“The mentoring year helped me create my own language, and since then I’ve fine-tuned it,” declares Togolese dancer Anani Dodji Sanouvi.
Planning an experimental, multidisciplinary studio in Togo and developing his contemporary African dance method (“the Legs of the Chameleon”) are the direct result of Sanouvi's year in Brussels in 2007 as the protégé of Anne Teresa De Keersmaeker.
His creative process, which combines contemporary Western dance with an African identity, sparked the interest of the Dutch Doen Foundation that promotes sustainable projects in the arts. Following an invitation to a meeting in Dakar, in Senegal, Sanouvi devised his plan for an experimental dance centre in Togo. The centre, named “The Tools of Wisdom”, will be a space for research and reflection on how to innovate and create contemporary work, while strengthening the identity and traditional ways of his native country. “I have a dream,” he says. “I don’t want to see Togolese young people becoming too westernized.”

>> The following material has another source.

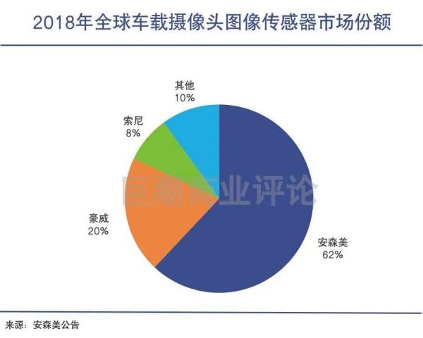 A股上市公司中,韦尔股份(SH:603501)2019年收购并表的北京豪威是全球车载CMOS图像传感器龙头之一。数据显示,2018年其在全球车载CMOS市场的份额约在20%左右。
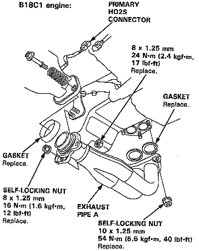 28. Disconnect the primary heated oxygen sensor (Primary HO2S) connector, then remove exhaust pipe A.

Sanouvi has lived, since 2008, in Amsterdam, where he set up his dance company, Maahhoum, which divides its time between the Netherlands and Senegal. In April 2011, he ran a contemporary dance course with choreographers from France, the Netherlands, Belgium and the Czech Republic, and, in July, he performed a duet at Amsterdam’s Julidans festival with Miri Lee, a female dancer from South Korea.
Sanouvi’s research work on the media and dance, which he began in 2009 with visual artist Christiane da Cunha, is continuing. He spent January and February 2011 in Brazil to create a performance that was produced by Dansmakers Amsterdam and presented at the Brazil-Amsterdam festival in October. Sanouvi still teaches dance to both professionals and non-professionals, as well as to children, at workshops in Europe, Africa and the Middle East.